**Information shown**
■ ■ ■ ■
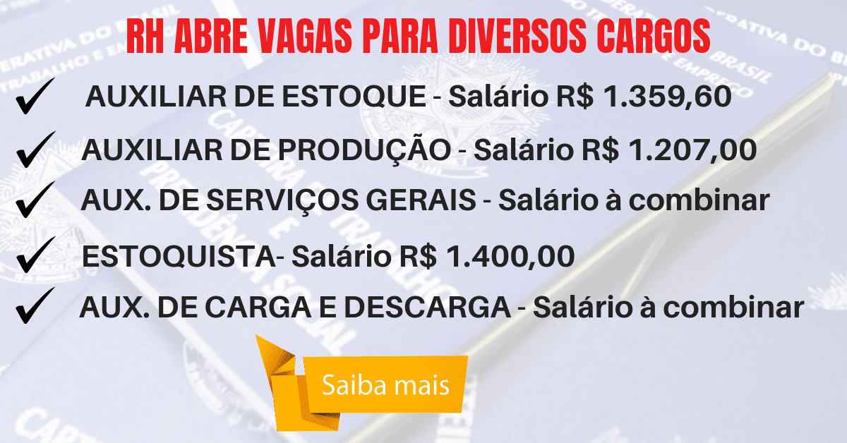 ESTOQUISTA – Barreirinha – Com experiência. Irá cuidar do estoque da produção, embalagem, armazenagem, separação. Salário R$ 1.400,00 + VT + VA. De segunda a sexta das 08h00 às 18h00. Residir próximo ao Barreirinha.
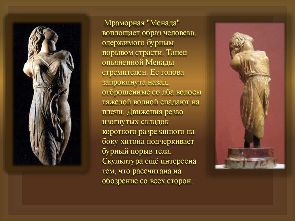 Мраморная "Менада"воплощает образ человека,
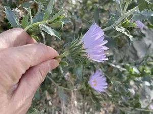 Mecca-aster (Xylorhiza Cognata) is a perennial shrub in the Asteraceae family with moderate care difficulty. It requires low watering and full sun light in USDA hardiness zones 8-10. This plant is safe for cats and dogs.
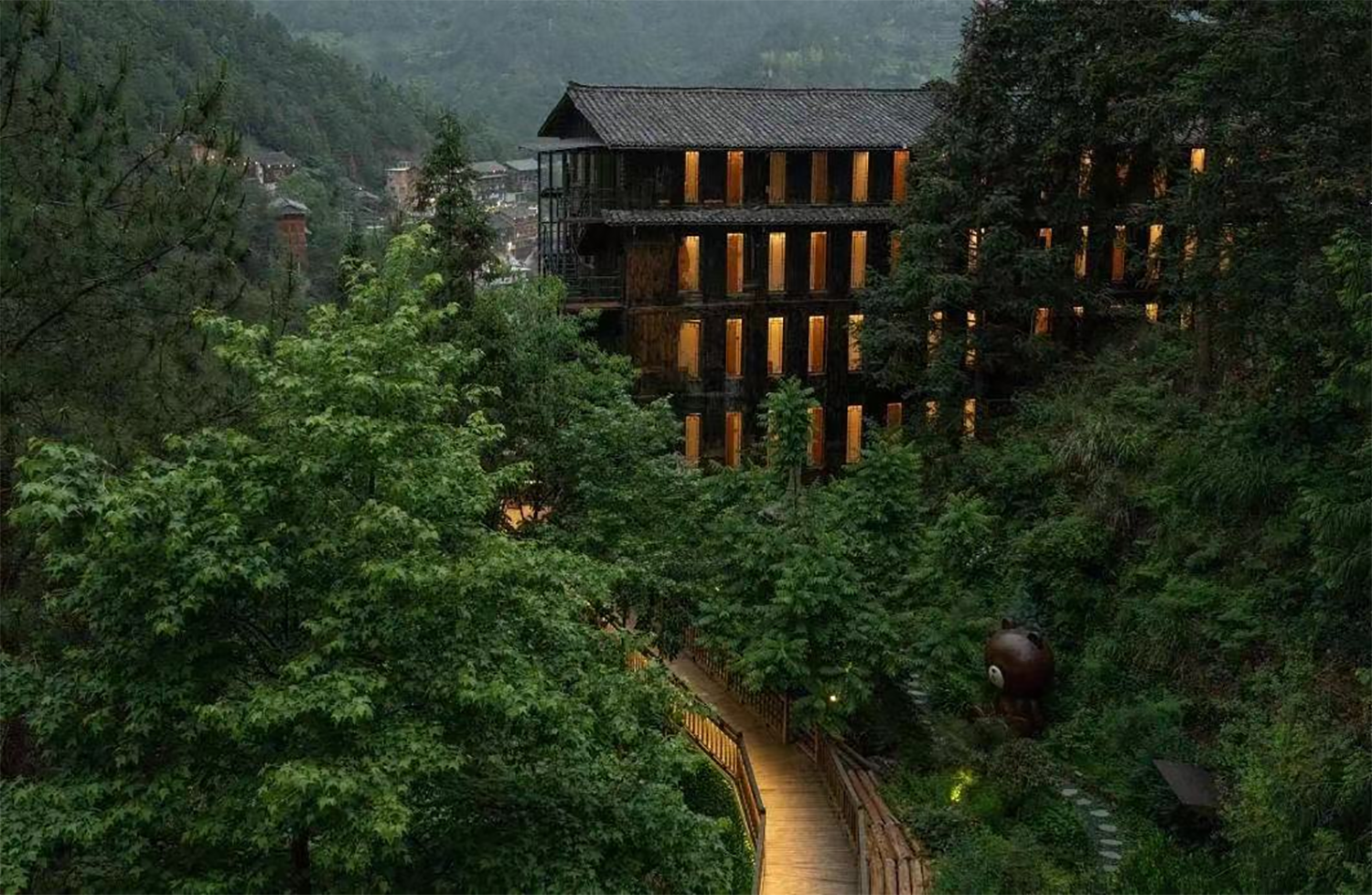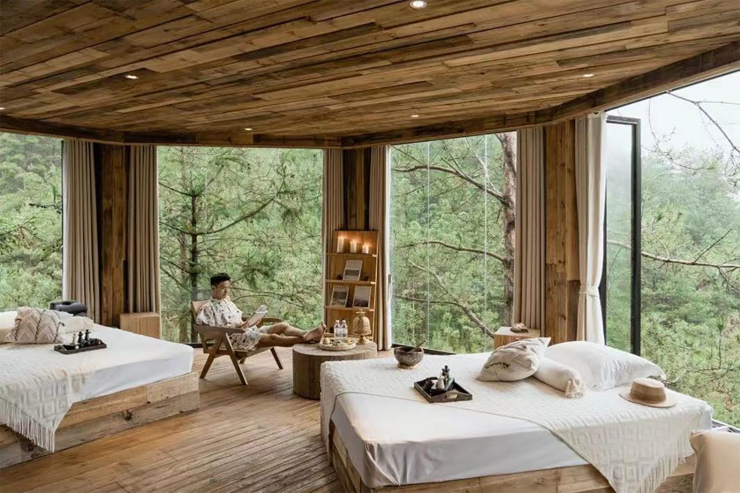 三春里·季酒店房间配有茶室、浴缸、花园、阳台、帐篷等特色体验板块,满足不同心境、身份的游客的个性度假享受。采用苗寨传统木质吊脚楼建筑工艺,携手国内民宿行业设计大师精心打造,将充满生机的绿植融入原木色的建筑空间中,带来不可多得的精致美学度假氛围。
■ ■ ■ ■
**Exercise**
Give back the listing unchanged. Strip out the pictures.

**Answer to this task**
 ESTOQUISTA – Barreirinha – Com experiência. Irá cuidar do estoque da produção, embalagem, armazenagem, separação. Salário R$ 1.400,00 + VT + VA. De segunda a sexta das 08h00 às 18h00. Residir próximo ao Barreirinha.
 Мраморная "Менада"воплощает образ человека,
 Mecca-aster (Xylorhiza Cognata) is a perennial shrub in the Asteraceae family with moderate care difficulty. It requires low watering and full sun light in USDA hardiness zones 8-10. This plant is safe for cats and dogs.
 三春里·季酒店房间配有茶室、浴缸、花园、阳台、帐篷等特色体验板块,满足不同心境、身份的游客的个性度假享受。采用苗寨传统木质吊脚楼建筑工艺,携手国内民宿行业设计大师精心打造,将充满生机的绿植融入原木色的建筑空间中,带来不可多得的精致美学度假氛围。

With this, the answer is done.